Sunday, September 11, 2005

Code Advice #3: No Tabs! Ever!

WARNING: This blog entry was imported from my old blog on blogs.sun.com (which used different blogging software), so formatting and links may not be correct.


(See intro for a background and caveats on these coding advice blog entries.)



Should you use spaces or tab characters when indenting your code?
This question has been debated at length in the past, with a fervor similar to the "emacs versus vi" editor debate.
But unlike "emacs versus vi", we cannot just agree to disagree. We can each choose to use a different IDE.
But the source code is often shared, and if there's one thing that's worse than a source file indented with tabs, it's a source
file partially indented with tabs and spaces. This is typically the result of a file edited by multiple users.



My advice is simple: Always use spaces to indent. That doesn't mean you can't use the Tab key in your keyboard to indent - most tools will automatically do the right thing with spaces instead. In other words, the Tab key is the Indent key, not the Tab character key.



So why is it bad to use tabs instead of spaces?



There are several reasons. Obviously, there's the reason I started out with: that we really need to pick one convention. Spaces for indentation is the most common scheme used to today, so it's a reasonable choice on that basis alone.

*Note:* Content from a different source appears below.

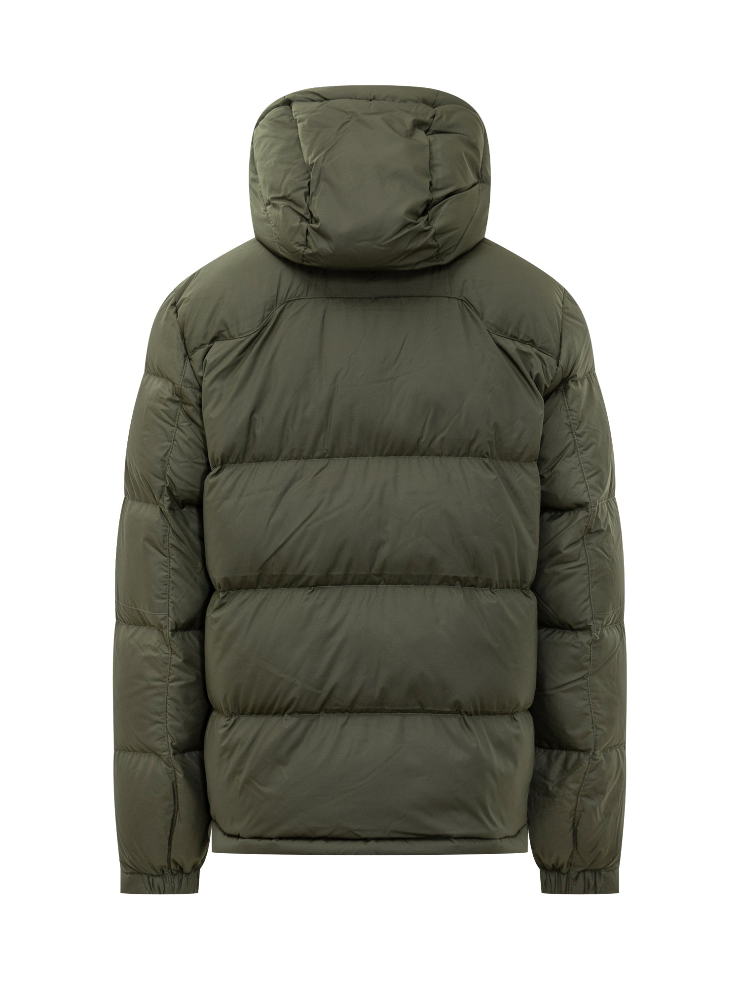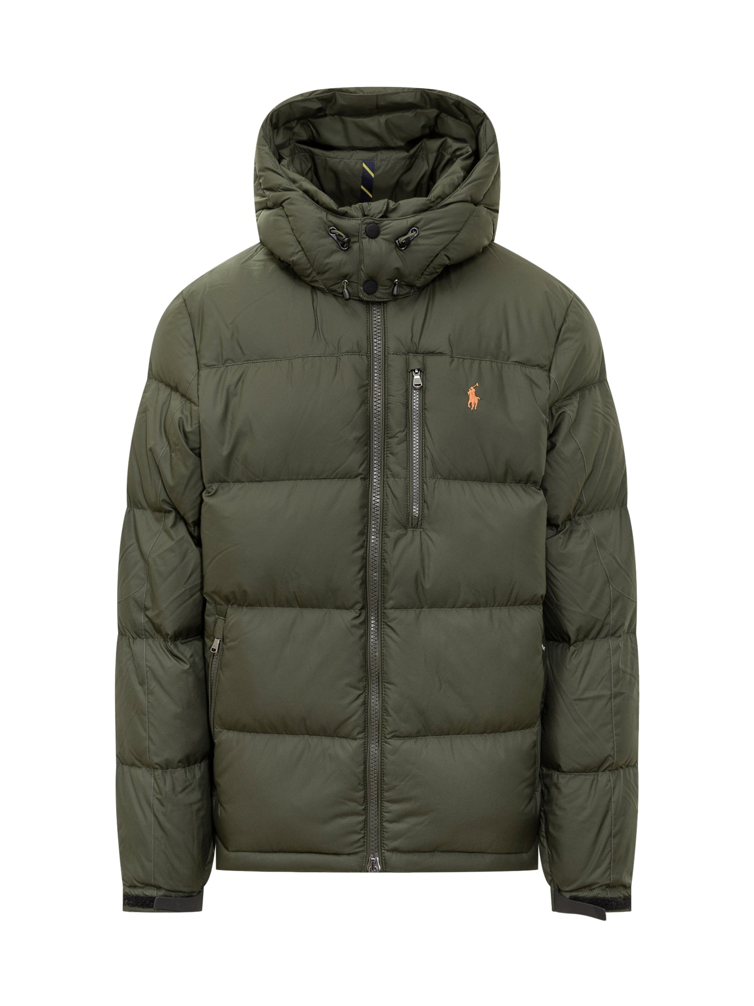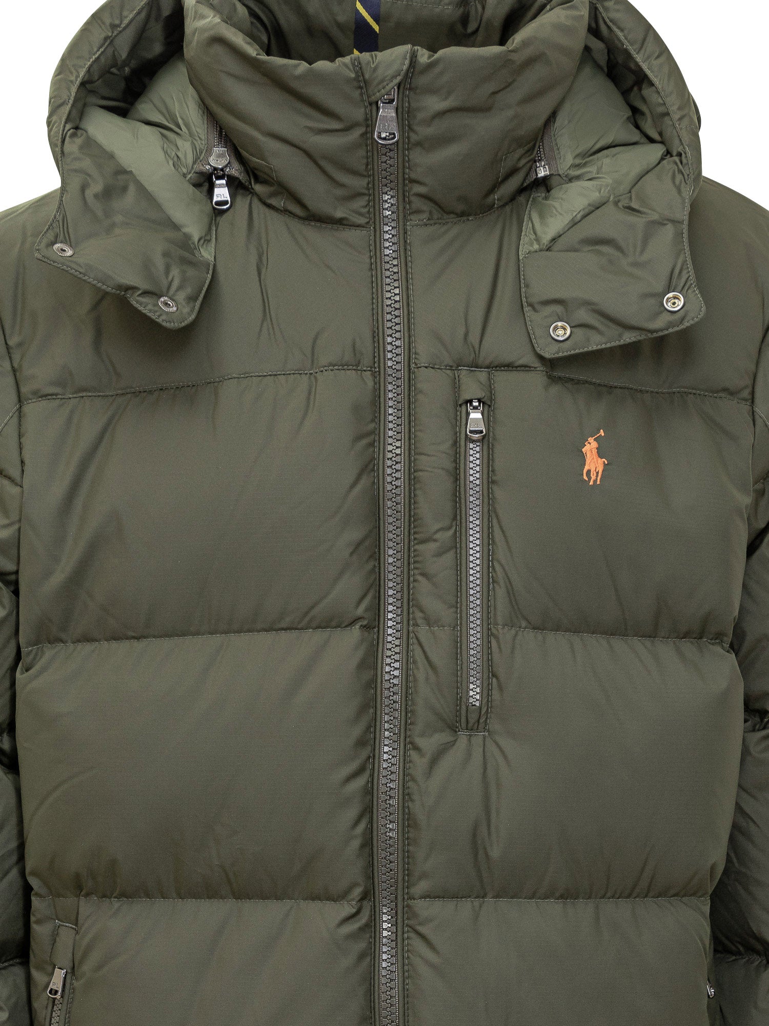 Polo Ralph Lauren down jacket in military green with adjustable hood, warm padding, and embroidered chest logo.

One of the problems with tabs is that a tab character needs to be converted into whitespace by the editor when displaying the file. How much whitespace should each tab character be replaced with? In an ideal world, the old typewriter functionality could be used, where each tabstop had a certain pixel position. That way people could even use proportional width fonts in their editors (instead of the blocky monospace fonts used by practically all code editors today), and the code would still indent nicely. However, no editor that I'm aware of supports this, so that's not a practical venue. Instead, editors typically make an assumption that a tab is either 8 characters (common in ye old days) or 4 characters (common in Java editors today). Some editors will stick with the 8 character assumption, but support 4-character indents in Java (which is common), so when indenting to level 3, they will insert a tab, followed by 4 characters, to get a 12 character indent using an 8-character tab.



Why is this bad? Because code is viewed in more than one tool. In the presence of tabs, code often gets misaligned. Code integration e-mail diffs, code viewed in other editors, code edited by other tools which treats tabs in a different way will easily get "mangled" (e.g. start getting mixed spaces and tabs).

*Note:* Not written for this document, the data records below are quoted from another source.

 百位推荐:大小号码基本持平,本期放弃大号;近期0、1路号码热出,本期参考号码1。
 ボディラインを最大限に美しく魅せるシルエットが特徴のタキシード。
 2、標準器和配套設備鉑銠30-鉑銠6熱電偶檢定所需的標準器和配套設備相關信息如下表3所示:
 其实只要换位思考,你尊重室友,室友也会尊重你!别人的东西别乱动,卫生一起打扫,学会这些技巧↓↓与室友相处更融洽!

(Sidenote: In the old days, source files sometimes included a comment at the top of the file, with special "tokens" (-*-) intended for Emacs. These tokens would identify the language mode as well as the intended tab size for the file. When loading the file, emacs would use the specified tab size. Thus, the source files actually carried the tab information needed to edit the file as intended. However, this solution doesn't really solve the problem since all other tools which process and display the file would also need to be aware of this metadata.)



I've heard people put forward two arguments in favor of using the tab character:


  1. If a file uses ONLY tab characters for indentation, it is easy for users to read code at their own favorite indentation level.
    In other words, I can read your source file with tabs=4, you can read it with tabs=2

  2. It's easier to move back and forth indentation levels, since a single left/right keystroke will jump across tab characters, e.g.
    whole indentation levels.



Regarding argument 1: There are lots of other things I want to customize when I read other people's code too. You see, people don't all agree with my code rules that I'm putting forth in these blog entries :-) So if I read code that is indented poorly, or worse yet put spaces between function calls and the parenthesis, or other horrible coding sins, I hit Shift-F10 to reformat the source properly first anyway. This solution is more comprehensive than simply adjusting the indentation depth.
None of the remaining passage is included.